WHAT IS REQUIRED - Would you reproduce exactly the lines below from the one holding "今回訪問した「カフェ ウッド" through the one holding "The Gambler takes", inclusive, and no others?

GIVEN ENTRIES -

________________________________________

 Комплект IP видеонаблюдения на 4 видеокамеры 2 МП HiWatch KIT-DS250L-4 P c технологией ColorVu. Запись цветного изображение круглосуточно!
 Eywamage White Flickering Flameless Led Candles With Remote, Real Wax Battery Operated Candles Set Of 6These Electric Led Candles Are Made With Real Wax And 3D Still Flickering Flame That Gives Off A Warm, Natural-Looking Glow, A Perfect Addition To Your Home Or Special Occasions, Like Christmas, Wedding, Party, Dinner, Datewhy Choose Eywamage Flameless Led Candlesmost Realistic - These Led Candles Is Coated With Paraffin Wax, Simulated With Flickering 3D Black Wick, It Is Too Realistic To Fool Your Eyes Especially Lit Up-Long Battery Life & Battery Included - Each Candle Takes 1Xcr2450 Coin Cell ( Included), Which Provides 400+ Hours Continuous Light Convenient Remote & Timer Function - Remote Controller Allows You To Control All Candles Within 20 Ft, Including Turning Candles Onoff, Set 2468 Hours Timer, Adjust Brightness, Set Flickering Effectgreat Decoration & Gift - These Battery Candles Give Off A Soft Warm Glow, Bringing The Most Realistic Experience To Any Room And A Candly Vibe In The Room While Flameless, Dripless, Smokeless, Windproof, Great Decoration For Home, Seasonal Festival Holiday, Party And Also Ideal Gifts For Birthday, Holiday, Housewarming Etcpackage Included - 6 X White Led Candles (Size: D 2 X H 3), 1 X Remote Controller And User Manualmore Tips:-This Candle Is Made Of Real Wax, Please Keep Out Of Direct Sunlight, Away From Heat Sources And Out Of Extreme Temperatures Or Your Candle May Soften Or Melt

________________________________________

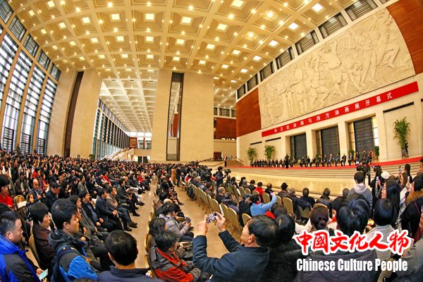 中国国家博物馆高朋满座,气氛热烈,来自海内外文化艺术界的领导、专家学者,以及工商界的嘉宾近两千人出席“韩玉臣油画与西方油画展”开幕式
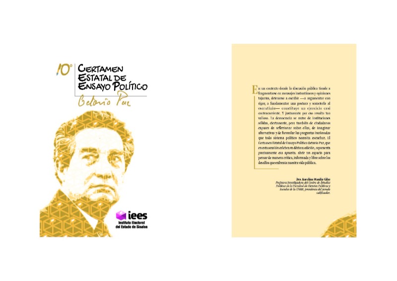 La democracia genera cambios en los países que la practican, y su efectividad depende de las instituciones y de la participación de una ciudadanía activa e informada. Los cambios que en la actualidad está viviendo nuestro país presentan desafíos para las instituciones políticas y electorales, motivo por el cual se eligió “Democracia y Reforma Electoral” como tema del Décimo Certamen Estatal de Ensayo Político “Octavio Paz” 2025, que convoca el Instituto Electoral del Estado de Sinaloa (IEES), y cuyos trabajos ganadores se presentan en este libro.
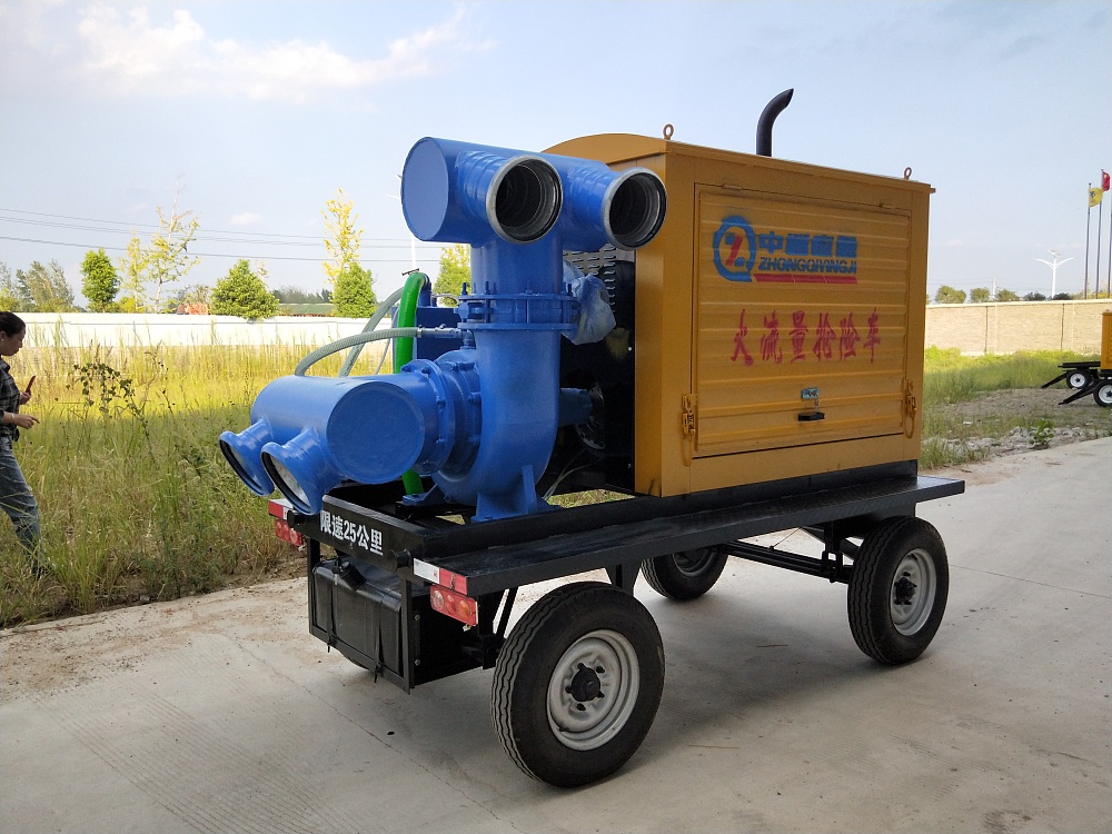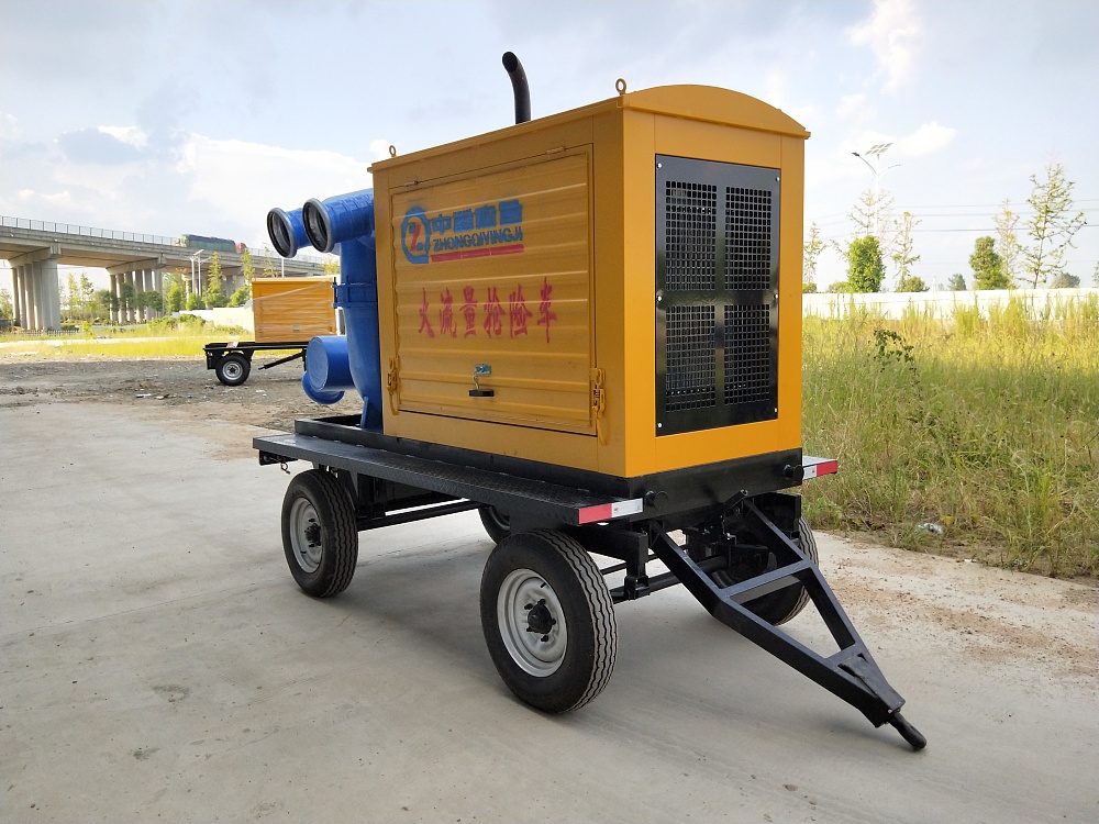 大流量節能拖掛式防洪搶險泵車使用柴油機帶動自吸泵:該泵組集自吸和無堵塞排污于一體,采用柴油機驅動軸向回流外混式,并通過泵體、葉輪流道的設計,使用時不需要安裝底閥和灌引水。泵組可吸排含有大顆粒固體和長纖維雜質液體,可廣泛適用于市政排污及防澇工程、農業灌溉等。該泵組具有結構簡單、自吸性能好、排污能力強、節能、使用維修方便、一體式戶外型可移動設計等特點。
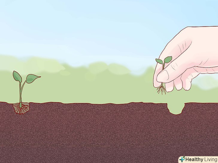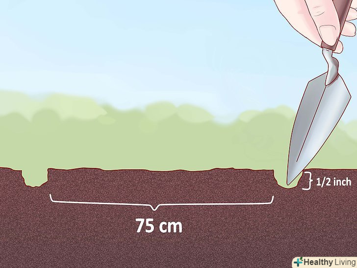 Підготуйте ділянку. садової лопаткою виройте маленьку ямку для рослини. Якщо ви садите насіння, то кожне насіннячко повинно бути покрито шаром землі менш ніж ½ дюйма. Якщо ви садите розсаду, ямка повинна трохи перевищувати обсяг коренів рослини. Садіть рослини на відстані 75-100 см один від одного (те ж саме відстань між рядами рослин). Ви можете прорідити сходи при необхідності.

________________________________________

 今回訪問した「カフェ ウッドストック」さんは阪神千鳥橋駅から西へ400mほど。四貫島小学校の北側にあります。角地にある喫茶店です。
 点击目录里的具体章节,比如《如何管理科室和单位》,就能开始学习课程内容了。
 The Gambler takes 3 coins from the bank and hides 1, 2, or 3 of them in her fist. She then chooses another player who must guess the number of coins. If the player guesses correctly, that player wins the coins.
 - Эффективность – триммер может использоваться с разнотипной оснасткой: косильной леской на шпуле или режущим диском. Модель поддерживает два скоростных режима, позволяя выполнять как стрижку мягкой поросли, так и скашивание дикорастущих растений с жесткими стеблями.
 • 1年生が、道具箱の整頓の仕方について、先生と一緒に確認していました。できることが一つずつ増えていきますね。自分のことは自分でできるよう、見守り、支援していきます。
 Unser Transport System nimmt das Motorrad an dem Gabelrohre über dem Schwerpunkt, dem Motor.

________________________________________

SOLUTION FOR THIS TASK -
 今回訪問した「カフェ ウッドストック」さんは阪神千鳥橋駅から西へ400mほど。四貫島小学校の北側にあります。角地にある喫茶店です。
 点击目录里的具体章节,比如《如何管理科室和单位》,就能开始学习课程内容了。
 The Gambler takes 3 coins from the bank and hides 1, 2, or 3 of them in her fist. She then chooses another player who must guess the number of coins. If the player guesses correctly, that player wins the coins.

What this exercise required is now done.